*WHAT THIS TASK INVOLVES*.
Lines with the string "positions" must each be copied from the listing.

*SOURCE MATERIAL*.
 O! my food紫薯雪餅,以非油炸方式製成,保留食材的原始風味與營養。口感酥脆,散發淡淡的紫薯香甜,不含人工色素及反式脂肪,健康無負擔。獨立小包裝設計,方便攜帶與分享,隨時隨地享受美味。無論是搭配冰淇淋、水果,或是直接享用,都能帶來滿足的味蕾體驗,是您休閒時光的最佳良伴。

--

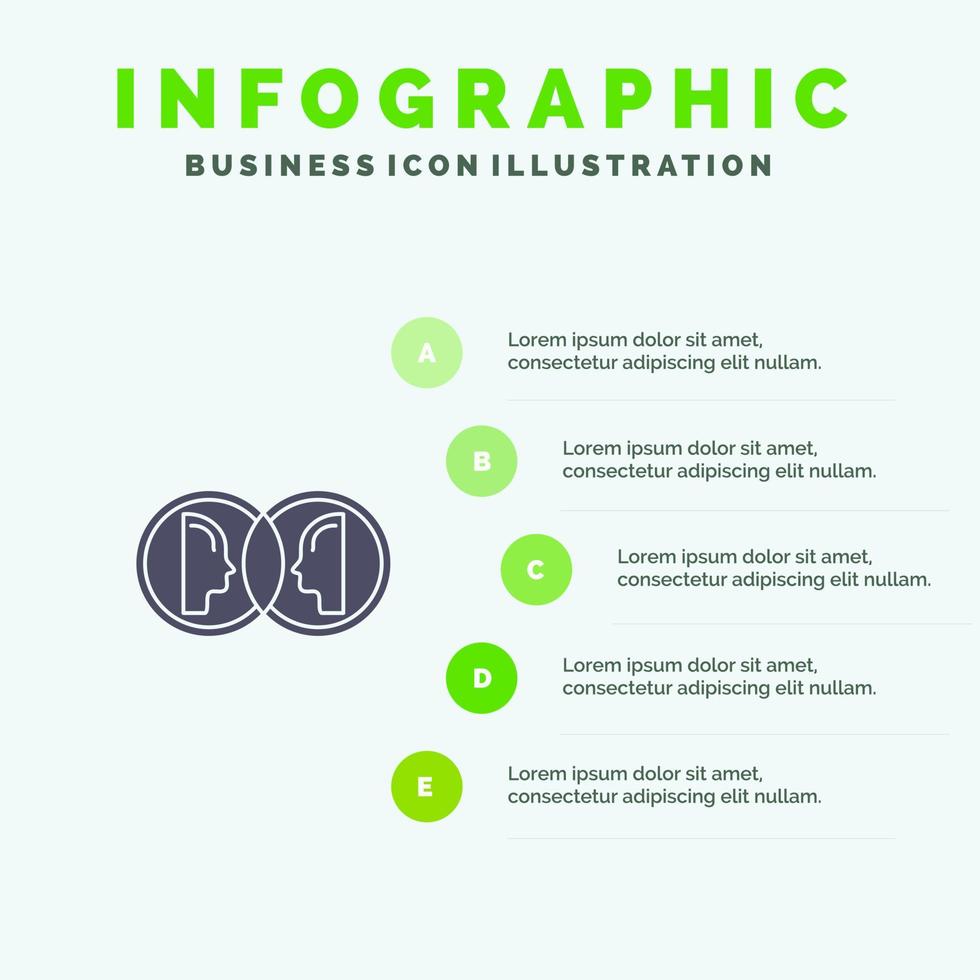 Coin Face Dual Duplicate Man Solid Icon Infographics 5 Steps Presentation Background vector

==

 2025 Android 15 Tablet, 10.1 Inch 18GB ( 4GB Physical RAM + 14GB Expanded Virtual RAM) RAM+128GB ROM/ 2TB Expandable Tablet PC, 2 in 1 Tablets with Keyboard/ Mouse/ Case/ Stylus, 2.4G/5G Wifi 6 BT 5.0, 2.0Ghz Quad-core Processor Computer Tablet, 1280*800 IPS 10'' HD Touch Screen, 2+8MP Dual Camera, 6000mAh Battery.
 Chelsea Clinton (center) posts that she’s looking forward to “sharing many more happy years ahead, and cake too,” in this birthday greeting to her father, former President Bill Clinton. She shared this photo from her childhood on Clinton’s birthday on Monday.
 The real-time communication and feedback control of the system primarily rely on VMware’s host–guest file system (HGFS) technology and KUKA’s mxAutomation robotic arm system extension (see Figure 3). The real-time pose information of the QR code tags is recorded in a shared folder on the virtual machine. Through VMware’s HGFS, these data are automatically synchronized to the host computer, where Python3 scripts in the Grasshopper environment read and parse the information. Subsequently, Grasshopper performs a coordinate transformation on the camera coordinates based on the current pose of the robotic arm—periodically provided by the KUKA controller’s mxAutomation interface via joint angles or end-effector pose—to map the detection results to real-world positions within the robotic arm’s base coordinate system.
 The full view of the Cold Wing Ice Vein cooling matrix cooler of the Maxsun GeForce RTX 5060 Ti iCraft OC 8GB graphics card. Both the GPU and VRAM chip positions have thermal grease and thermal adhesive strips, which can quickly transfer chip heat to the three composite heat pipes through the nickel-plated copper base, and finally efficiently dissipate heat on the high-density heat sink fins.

*YOUR SOLUTION*.
 The real-time communication and feedback control of the system primarily rely on VMware’s host–guest file system (HGFS) technology and KUKA’s mxAutomation robotic arm system extension (see Figure 3). The real-time pose information of the QR code tags is recorded in a shared folder on the virtual machine. Through VMware’s HGFS, these data are automatically synchronized to the host computer, where Python3 scripts in the Grasshopper environment read and parse the information. Subsequently, Grasshopper performs a coordinate transformation on the camera coordinates based on the current pose of the robotic arm—periodically provided by the KUKA controller’s mxAutomation interface via joint angles or end-effector pose—to map the detection results to real-world positions within the robotic arm’s base coordinate system.
 The full view of the Cold Wing Ice Vein cooling matrix cooler of the Maxsun GeForce RTX 5060 Ti iCraft OC 8GB graphics card. Both the GPU and VRAM chip positions have thermal grease and thermal adhesive strips, which can quickly transfer chip heat to the three composite heat pipes through the nickel-plated copper base, and finally efficiently dissipate heat on the high-density heat sink fins.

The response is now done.